## Directions
Every line below between the one holding "コンパクトな丈感は、エレガン" and the one holding "Realizado como cartel", inclusive, should be copied exactly, and no other line.

*** Data supplied

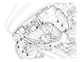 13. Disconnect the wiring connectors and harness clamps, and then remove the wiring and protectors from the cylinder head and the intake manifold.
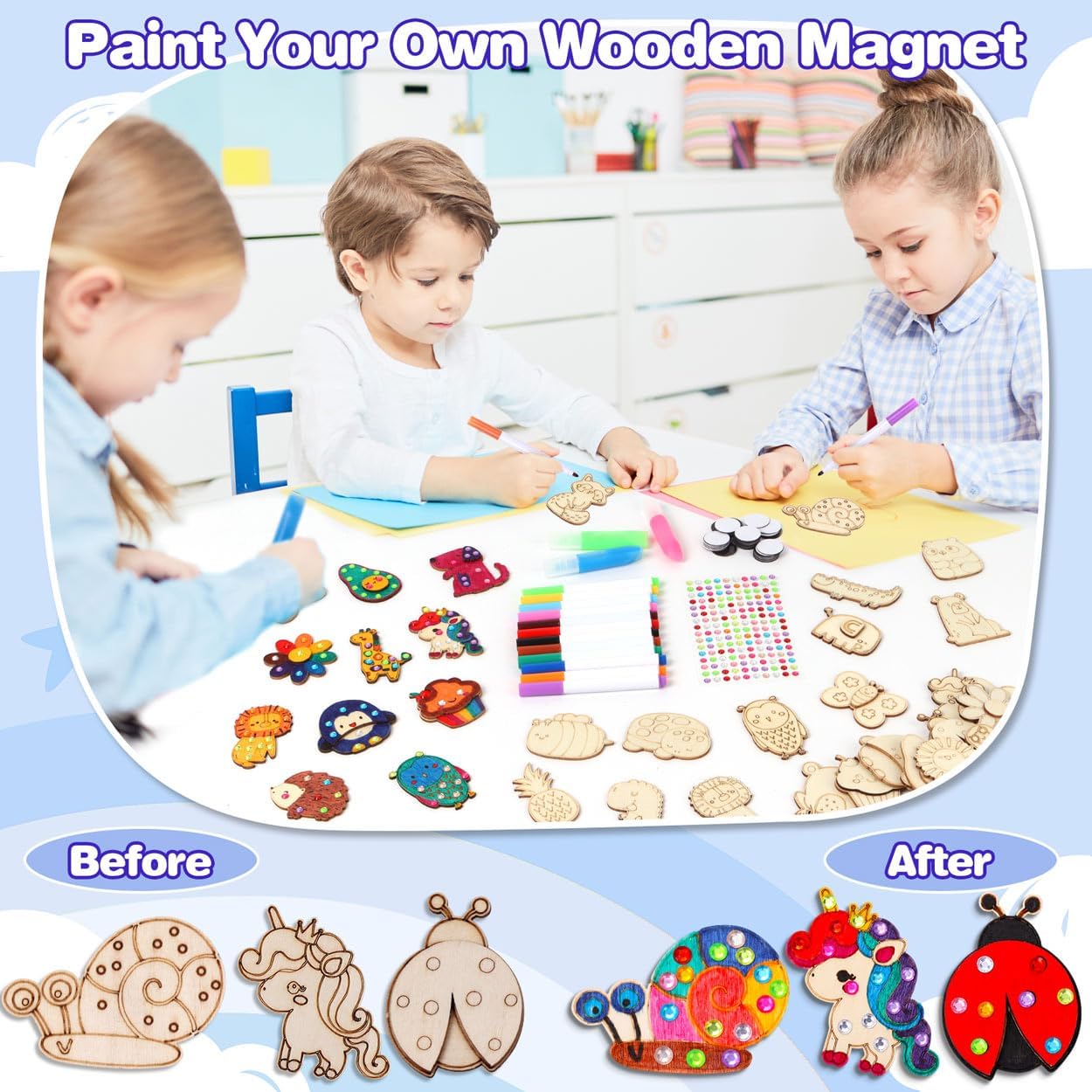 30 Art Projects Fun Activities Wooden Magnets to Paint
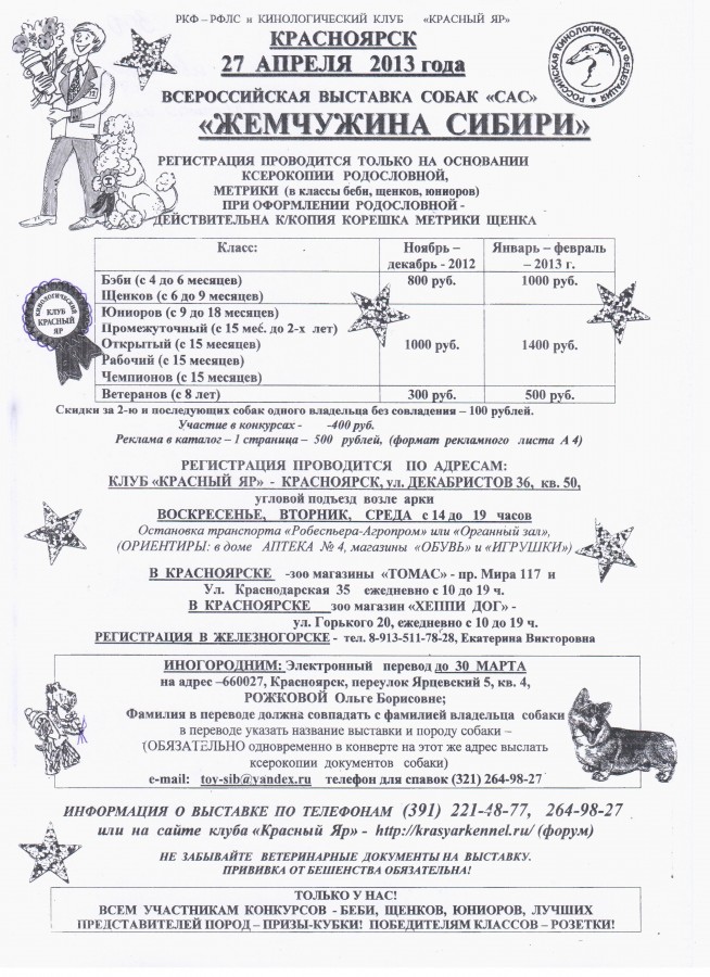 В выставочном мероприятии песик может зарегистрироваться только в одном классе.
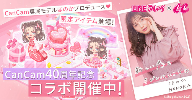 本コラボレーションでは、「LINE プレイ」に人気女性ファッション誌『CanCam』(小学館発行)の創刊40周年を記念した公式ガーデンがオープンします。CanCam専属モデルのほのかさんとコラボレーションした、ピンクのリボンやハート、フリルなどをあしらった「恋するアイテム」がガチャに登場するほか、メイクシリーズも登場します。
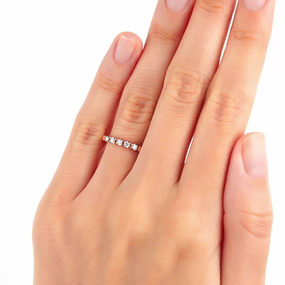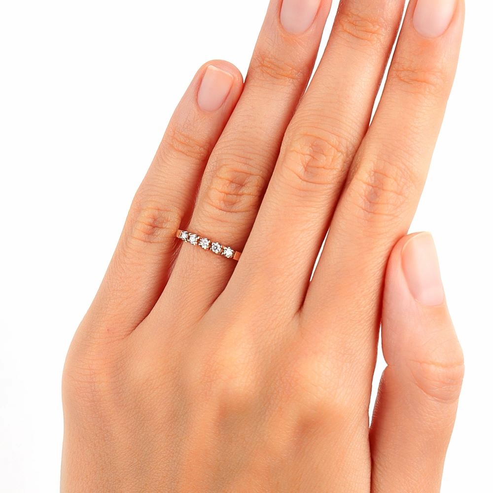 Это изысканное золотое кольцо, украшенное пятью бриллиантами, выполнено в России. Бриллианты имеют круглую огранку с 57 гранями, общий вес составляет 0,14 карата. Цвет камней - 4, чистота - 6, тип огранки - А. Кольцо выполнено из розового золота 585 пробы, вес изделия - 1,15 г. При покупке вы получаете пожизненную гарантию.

******
*** Data supplied

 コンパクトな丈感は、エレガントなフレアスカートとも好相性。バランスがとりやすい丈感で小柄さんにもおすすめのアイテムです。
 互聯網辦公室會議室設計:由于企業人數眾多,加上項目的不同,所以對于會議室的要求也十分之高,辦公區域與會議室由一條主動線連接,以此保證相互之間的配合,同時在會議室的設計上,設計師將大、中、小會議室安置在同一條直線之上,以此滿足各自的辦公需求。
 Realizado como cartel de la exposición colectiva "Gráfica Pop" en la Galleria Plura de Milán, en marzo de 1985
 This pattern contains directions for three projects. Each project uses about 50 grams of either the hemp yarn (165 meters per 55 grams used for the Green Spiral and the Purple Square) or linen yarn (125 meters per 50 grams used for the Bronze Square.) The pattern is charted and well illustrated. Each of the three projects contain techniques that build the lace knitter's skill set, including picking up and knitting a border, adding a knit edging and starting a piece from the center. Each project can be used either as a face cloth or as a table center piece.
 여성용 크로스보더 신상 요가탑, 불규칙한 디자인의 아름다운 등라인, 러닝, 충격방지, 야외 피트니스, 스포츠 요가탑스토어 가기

******
*** Data supplied

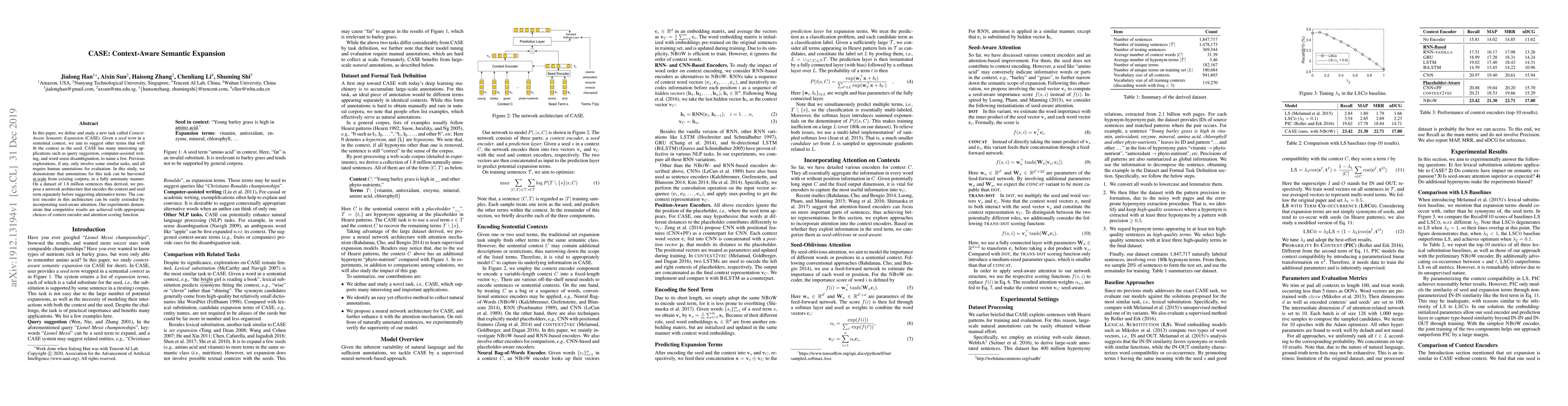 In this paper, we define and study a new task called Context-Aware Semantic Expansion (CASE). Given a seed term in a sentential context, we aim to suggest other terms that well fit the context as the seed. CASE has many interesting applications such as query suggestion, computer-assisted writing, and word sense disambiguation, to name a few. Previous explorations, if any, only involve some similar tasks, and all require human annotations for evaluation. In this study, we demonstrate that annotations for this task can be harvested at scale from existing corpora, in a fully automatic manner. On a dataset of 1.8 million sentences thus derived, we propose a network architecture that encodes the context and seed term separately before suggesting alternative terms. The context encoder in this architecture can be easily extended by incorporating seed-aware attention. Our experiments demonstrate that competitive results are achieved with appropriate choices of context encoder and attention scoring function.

******

## Output below
 コンパクトな丈感は、エレガントなフレアスカートとも好相性。バランスがとりやすい丈感で小柄さんにもおすすめのアイテムです。
 互聯網辦公室會議室設計:由于企業人數眾多,加上項目的不同,所以對于會議室的要求也十分之高,辦公區域與會議室由一條主動線連接,以此保證相互之間的配合,同時在會議室的設計上,設計師將大、中、小會議室安置在同一條直線之上,以此滿足各自的辦公需求。
 Realizado como cartel de la exposición colectiva "Gráfica Pop" en la Galleria Plura de Milán, en marzo de 1985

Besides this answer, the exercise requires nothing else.